Pelanggaran serius dan meluas terhadap hak kesehatan dan keselamatan pekerja di sektor perikanan bertentangan dengan Konvensi ILO Nomor 155, yang sekarang menjadi konvensi mendasar. Beberapa anggota komunitas nelayan yang berpartisipasi dalam Kongres Pekerja Perikanan Nasional ke-4 di Filipina menggambarkan cedera serius yang diderita oleh nelayan di sektor perikanan komersial swasta karena praktik kerja yang tidak aman. Pekerjaan yang tidak aman menyebabkan cedera yang lebih besar, penyakit jangka panjang dan ketidakmampuan untuk bekerja, yang pada gilirannya meningkatkan beban program perlindungan sosial.

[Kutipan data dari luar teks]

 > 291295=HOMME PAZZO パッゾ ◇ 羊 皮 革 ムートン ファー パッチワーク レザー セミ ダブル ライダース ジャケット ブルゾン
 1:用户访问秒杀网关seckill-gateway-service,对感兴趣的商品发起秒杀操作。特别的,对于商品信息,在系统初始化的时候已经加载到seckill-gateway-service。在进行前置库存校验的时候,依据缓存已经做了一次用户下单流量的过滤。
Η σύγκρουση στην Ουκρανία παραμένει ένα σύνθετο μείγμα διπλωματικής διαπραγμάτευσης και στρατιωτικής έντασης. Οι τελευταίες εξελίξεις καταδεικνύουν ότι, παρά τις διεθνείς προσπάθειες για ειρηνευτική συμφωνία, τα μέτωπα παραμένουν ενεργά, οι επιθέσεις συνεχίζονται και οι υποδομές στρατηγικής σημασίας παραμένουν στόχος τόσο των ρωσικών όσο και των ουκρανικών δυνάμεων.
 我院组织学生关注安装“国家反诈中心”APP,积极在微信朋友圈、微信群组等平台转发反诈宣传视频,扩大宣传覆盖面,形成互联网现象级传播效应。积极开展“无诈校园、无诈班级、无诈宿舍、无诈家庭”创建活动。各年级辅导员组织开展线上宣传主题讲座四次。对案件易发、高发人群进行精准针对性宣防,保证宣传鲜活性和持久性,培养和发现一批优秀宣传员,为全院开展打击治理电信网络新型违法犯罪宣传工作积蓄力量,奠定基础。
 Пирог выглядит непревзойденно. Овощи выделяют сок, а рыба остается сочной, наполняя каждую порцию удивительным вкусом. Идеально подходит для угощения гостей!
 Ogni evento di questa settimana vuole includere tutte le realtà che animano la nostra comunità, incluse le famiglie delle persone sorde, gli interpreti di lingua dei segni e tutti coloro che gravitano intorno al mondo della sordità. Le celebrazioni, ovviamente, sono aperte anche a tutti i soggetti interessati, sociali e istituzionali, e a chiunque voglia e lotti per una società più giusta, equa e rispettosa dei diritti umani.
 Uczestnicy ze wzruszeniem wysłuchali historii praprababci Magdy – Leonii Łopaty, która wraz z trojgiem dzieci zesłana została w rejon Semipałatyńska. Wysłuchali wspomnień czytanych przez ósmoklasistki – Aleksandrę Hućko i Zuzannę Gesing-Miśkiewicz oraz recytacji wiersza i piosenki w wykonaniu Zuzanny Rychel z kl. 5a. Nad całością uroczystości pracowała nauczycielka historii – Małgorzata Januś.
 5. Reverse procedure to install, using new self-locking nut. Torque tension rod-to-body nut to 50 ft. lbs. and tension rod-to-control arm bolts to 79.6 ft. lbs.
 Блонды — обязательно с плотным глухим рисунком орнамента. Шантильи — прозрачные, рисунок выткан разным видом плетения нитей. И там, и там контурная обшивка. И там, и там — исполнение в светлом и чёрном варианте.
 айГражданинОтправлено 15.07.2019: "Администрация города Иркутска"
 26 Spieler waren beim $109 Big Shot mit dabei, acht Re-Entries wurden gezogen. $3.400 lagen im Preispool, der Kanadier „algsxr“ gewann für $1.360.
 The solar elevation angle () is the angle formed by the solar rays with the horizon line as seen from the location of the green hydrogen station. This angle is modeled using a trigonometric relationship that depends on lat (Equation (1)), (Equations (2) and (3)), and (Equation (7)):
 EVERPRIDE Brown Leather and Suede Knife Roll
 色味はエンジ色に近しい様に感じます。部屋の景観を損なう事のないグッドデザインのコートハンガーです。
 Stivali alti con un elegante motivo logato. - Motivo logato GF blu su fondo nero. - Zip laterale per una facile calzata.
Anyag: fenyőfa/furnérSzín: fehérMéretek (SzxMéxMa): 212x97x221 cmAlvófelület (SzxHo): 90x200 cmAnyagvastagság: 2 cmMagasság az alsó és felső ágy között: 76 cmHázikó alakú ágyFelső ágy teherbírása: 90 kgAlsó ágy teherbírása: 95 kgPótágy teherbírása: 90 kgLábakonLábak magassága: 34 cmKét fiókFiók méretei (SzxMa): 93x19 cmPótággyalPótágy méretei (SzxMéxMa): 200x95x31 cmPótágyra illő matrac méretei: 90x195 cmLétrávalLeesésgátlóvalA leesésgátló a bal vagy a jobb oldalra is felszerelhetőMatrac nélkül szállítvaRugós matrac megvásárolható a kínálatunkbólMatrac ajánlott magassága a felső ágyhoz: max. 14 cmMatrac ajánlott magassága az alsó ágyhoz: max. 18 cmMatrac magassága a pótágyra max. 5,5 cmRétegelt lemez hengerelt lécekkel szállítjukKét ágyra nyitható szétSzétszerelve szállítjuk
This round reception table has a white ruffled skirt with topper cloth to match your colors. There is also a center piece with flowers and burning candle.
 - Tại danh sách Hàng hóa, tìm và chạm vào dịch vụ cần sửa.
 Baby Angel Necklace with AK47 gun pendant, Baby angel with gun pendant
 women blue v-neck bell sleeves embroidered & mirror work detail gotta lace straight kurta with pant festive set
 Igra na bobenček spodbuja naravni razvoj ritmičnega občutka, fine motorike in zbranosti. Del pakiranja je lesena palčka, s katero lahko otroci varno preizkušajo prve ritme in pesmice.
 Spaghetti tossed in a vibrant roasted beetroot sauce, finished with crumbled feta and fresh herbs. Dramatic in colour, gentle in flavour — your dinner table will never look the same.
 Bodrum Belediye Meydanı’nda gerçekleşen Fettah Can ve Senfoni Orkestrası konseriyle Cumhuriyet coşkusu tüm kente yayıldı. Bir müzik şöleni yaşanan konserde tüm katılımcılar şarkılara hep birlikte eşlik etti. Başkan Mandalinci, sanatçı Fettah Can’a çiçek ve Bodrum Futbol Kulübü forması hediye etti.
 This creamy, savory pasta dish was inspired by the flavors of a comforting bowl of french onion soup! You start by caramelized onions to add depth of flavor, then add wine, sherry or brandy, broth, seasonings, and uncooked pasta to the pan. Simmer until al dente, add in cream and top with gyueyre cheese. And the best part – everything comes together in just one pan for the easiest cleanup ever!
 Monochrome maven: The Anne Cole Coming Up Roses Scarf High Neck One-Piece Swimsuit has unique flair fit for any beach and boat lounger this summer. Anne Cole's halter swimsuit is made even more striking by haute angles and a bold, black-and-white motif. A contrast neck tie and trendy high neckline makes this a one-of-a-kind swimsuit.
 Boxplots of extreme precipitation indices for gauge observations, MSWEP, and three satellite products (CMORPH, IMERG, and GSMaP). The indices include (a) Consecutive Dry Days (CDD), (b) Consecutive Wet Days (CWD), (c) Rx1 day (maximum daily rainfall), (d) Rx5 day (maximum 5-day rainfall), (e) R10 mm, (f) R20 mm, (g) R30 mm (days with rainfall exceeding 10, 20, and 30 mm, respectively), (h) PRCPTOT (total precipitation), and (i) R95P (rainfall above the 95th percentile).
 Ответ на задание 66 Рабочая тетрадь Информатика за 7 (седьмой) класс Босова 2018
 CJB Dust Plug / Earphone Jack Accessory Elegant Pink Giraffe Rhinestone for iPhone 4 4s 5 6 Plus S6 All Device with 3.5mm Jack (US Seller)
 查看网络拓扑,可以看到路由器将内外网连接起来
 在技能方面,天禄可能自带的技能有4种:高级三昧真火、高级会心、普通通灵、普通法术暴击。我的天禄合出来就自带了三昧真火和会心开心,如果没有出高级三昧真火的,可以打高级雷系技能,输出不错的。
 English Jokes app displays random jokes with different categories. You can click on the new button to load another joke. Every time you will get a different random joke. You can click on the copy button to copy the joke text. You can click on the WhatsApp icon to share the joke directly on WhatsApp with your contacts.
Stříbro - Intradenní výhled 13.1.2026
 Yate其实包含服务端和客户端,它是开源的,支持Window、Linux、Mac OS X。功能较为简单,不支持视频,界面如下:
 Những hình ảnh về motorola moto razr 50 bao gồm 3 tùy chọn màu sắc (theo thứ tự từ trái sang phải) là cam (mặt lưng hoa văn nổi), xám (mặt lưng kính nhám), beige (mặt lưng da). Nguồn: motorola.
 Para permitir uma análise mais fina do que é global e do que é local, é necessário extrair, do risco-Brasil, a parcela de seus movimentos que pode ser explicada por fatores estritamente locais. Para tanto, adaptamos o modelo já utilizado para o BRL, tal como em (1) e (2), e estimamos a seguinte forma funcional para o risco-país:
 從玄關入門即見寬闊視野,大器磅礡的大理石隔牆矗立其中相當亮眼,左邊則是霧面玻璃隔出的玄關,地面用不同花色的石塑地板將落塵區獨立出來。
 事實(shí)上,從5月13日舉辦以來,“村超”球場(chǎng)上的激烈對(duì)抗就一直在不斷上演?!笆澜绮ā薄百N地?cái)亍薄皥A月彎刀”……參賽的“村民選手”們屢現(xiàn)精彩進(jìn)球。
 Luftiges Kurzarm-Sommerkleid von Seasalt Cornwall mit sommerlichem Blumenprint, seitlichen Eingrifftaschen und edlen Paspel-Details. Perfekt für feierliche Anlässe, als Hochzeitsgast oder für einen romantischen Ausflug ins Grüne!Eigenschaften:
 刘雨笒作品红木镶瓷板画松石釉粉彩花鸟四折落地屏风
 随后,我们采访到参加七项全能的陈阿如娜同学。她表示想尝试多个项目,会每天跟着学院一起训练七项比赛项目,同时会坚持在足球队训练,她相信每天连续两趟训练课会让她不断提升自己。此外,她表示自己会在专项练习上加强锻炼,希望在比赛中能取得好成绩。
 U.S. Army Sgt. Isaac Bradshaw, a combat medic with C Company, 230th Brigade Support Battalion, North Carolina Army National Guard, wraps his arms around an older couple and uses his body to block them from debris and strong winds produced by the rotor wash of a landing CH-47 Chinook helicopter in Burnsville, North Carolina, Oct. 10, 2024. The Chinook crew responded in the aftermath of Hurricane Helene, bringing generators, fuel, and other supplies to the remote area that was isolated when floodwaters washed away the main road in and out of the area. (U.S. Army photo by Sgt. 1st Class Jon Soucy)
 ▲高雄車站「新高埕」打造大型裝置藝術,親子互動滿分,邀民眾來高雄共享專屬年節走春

Di Maladewa, misalnya, BKMU, afiliasi kami memiliki kapasitas untuk menegosiasikan harga hasil tangkapan yang akan meningkatkan pendapatan dan mata pencarian para nelayan dan keluarga serta masyarakat mereka, termasuk pekerja migran. Namun, RUU Hubungan Industrial yang baru saat ini di parlemen menjadi ancaman yang melemahkan kemampuan BKMU untuk berorganisasi dan berunding bersama. Dengan tidak adanya hak tawar-menawar kolektif, perusahaan pembeli mempertahankan monopsoni dan dapat memanipulasi harga tangkapan dan mengurangi pendapatan anggota BKMU. Hal ini menyebabkan kemiskinan dan utang yang lebih besar di masyarakat yang bergantung pada pendapatan ini. Beralih ke perlindungan sosial bukanlah jawabannya. Jawabannya di sektor perikanan komersial terletak pada pelaksanaan hak tawar-menawar kolektif untuk mendistribusikan kembali keuntungan, bukan pengalihan sumber daya publik melalui perlindungan sosial.
Perlindungan sosial paling dibutuhkan dalam perikanan rakyat, akuakultur ekstensif skala kecil, sektor informal dan pekerjaan berbasis rumahan, serta komunitas nelayan pesisir dan pedalaman yang mengalami kerentanan iklim. Ini adalah bagian penting dari strategi yang diperlukan untuk segera menangani pekerja anak di perikanan rakyat dan akuakultur.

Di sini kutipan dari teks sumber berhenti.